Depreende-se do exposto que a propriedade de terás no Brasil tem seu início com a colonização, em que se dividiam porções de terras para produção de agricultura. Como essas terras acabam ficando sem propriedade estabelecida, sendo regulamentada somente pela divisão em sesmarias, feita pela coroa portuguesa, em 1850 surge a Lei de Terras.
Não obstante, outras criações legislativas foram importantes para o tema como o Estatuto da Terra e Lei de Reforma Agrária, que vieram visar a realização da função social da propriedade esculpido como preceito constitucional pela Carta Magna de 1988.
Por ser de grande extensão o território, muitas terras acabam ficando desocupadas e sem utilização do solo e, por isso, estas terras voltam ao domínio do Estado a fim de divisão. Tal instituto é conhecido como terras devolutas. Estas por sua vez, podem ser alienadas seguindo a Lei de Licitações, mas preferencialmente devem ser utilizadas para a reforma agrária. Cabe destacar que estas terras seguindo interpretação constitucional e dos Tribunais Superiores não poderão ser usucapidas, embora haja posicionamentos isolados admitindo tal figura (usucapião).


7 REFERÊNCIAS


ALVARENGA, Otávio de Mello. Manual de Direito Agrário. Rio de Janeiro: Forense, 1985.

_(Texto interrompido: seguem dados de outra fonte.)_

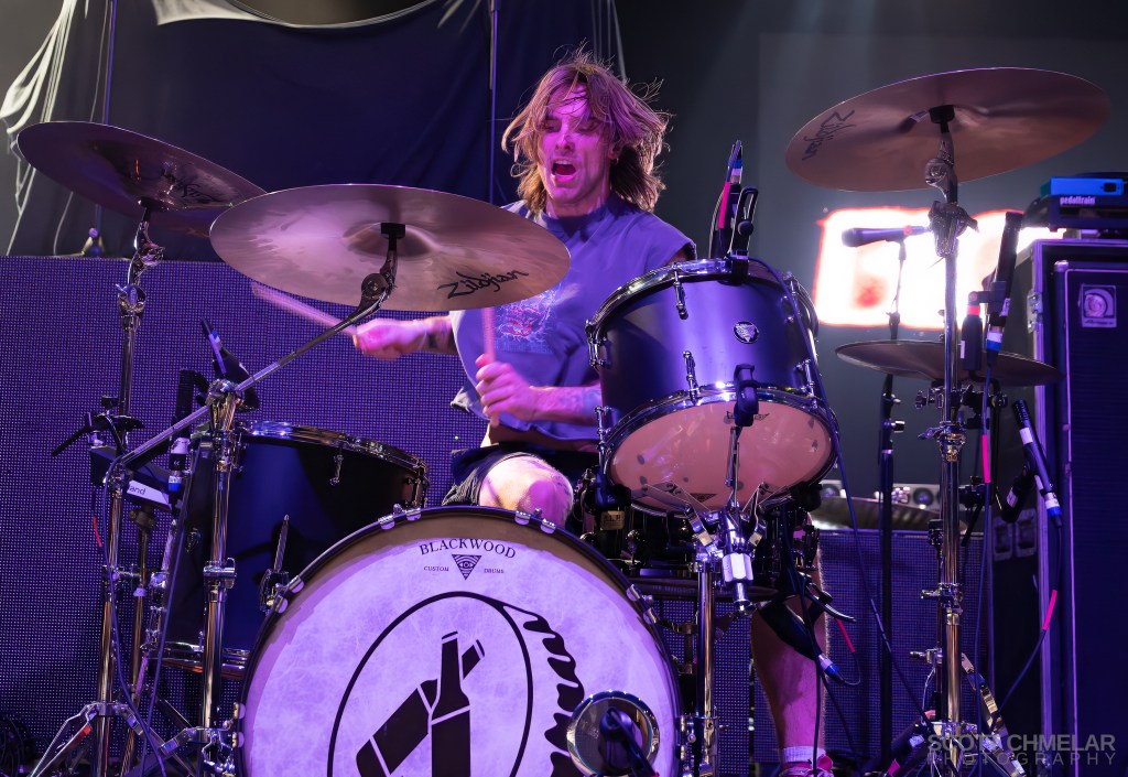 Thursday brought a sense of gravity that comes from helping build the framework of a genre. Originating in New Brunswick, New Jersey, the band’s discography—Waiting, Full Collapse, War All the Time, A City by the Light Divided, and No Devolución—has shaped post-hardcore’s emotional and political language for more than two decades. Their set honored that history without leaning on it, allowing songs to breathe and connect on their own terms. Older material carried lasting impact, while later-era songs felt equally grounded and relevant. The crowd’s energy shifted noticeably during their performance, marked by focused attention and collective release. Merchandise leaned into archival artwork and anniversary pieces without overselling nostalgia. Production choices stayed clean and supportive, with lighting cues reinforcing mood and structure. The mix emphasized vocal clarity and layered instrumentation. Thursday remain closely associated with Equal Vision Records and are openly engaged in social-justice advocacy and artist-support causes. Official site: https://www.thursday.net

BORGES, Paulo Torminn. Institutos básicos de direito agrário. 6. ed. São Paulo: Saraiva, 1991.

JUNIOR, Eroulths Cortiano. O discurso jurídico da propriedade e suas rupturas. Rio de Janeiro: Renovas, 2002.

JUNQUEIRA, Messias. O instituto brasileiro das terras devolutas. São Paulo: Lael, 1976.

LEITÃO, André Studart. Usucapião de terras devolutas. Jus Navigandi, Teresina, ano 6, n. 49, 1 fev. 2001. Disponível em: <http://jus.uol.com.br/revista/texto/593>. Acesso em: 22 jun. 2011.

MAIA, Altir de Souza. Discriminação de terras. Brasília: Fundação Petrônio Portela ? MJ, 1982.

MARQUES, Benedito Ferreira. Direito agrário Brasileiro. 2. ed. Goiânia: AB, 1998.